A high-quality genome assembly and annotation of the gray mangrove, Avicennia marina
Data files
May 27, 2020 version files 524.61 MB
-
Amar_GenomeAnnotation.tar.gz
Jul 09, 2020 version files 514.16 MB
-
Amarina_GenomeDatasets.tar.gz
Oct 19, 2020 version files 442.19 MB
-
Amarina_GenomeDatasets.rar
Feb 17, 2022 version files 492.15 MB
-
Amar_GenomeAnnotation.tar.gz
Abstract
The gray mangrove [Avicennia marina (Forsk.) Vierh.] is the most widely distributed mangrove species, ranging throughout the Indo-West Pacific. It presents remarkable levels of geographic variation both in phenotypic traits and habitat, often occupying extreme environments at the edges of its distribution. However, subspecific evolutionary relationships and adaptive mechanisms remain understudied, especially across populations of the West Indian Ocean. High-quality genomic resources accounting for such variability are also sparse. Here we report the first chromosome-level assembly of the genome of A. marina. We used a previously release draft assembly and proximity ligation libraries Chicago and Dovetail HiC for scaffolding, producing a 456,526,188 bp long genome. The largest 32 scaffolds (22.4 Mb to 10.5 Mb) accounted for 98 % of the genome assembly, with the remaining 2% distributed among much shorter 3,759 scaffolds (62.4 Kb to 1 Kb).
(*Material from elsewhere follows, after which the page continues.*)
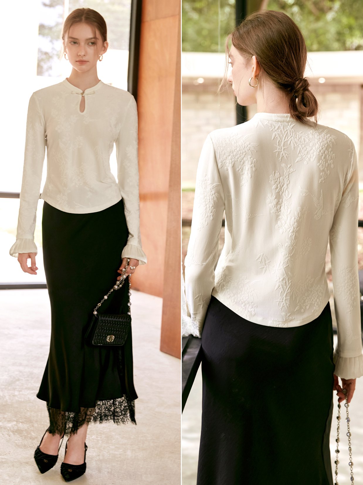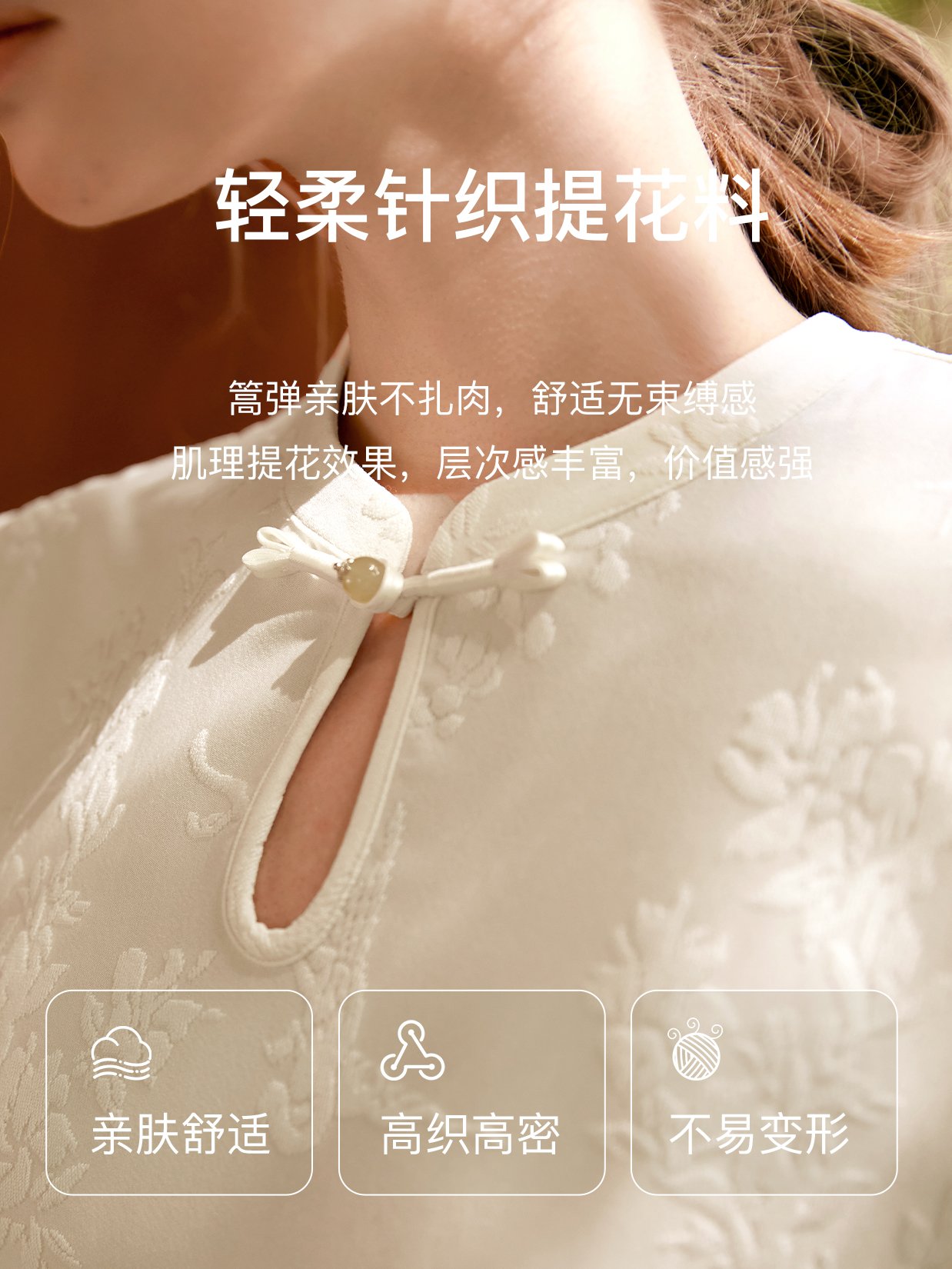 甄选轻柔针织提花料,篙弹亲肤无束,不易变形;提花演绎古典风雅,低调内敛呈现精至品位;国风水滴领,领口定制手工盘扣,凸显东方气韵;袖口拼接纱质荷叶边,举手投足间皆是精至与柔美

We annotated 45,032 protein-coding genes using tissue-specific RNA-seq data in combination with de novo gene prediction, from which 34,442 were associated to GO terms. Genome assembly and annotated set of genes yield a 96.7% and 95.1% completeness score, respectively, when compared with the eudicots BUSCO dataset. Furthermore, an FST survey based on resequencing data successfully identified a set of candidate genes potentially involved in local adaptation, and revealed patterns of adaptive variability correlating with a temperature gradient in Arabian mangrove populations. Our A. marina genomic assembly provides a highly valuable resource for genome evolution analysis, as well as for identifying functional genes involved in adaptive processes and speciation.
Methods
Genome sequencing and assembly
The sequenced sample was leaf tissue obtained from an individual located at Ras Ghurab Island in the Arabian Gulf (Abu Dhabi, United Arab Emirates; 24.601°N, 4.566 °E), corresponding to the A. m. marina variety. A high-quality genome was produced using proximity ligation libraries and the software pipeline HiRise at Dovetail Genomics, LLC. Briefly, for Chicago and the Dovetail HiC library preparation, chromatin was fixed with formaldehyde. Fixed chromatin was then digested with DpnII and free blunt ends were ligated. Crosslinks were reversed, and the DNA purified from protein, which was then sheared to ~350 bp mean fragment size. Libraries were generated using NEBNext Ultra enzymes and Illumina-compatible adapters, and sequencing was carried out on an Illumina HiSeq X platform. Chicago and Dovetail HiC library reads were then used as input data for genome assembly for HiRise, a software pipeline designed specifically for using proximity ligation data to scaffold genome assemblies. A previously reported draft genome of Avicennia marina (GenBank accesion: GCA_900003535.1) was used in the assembly pipeline, excluding scaffolds shorter than 1Kb since HiRise does not assemble them.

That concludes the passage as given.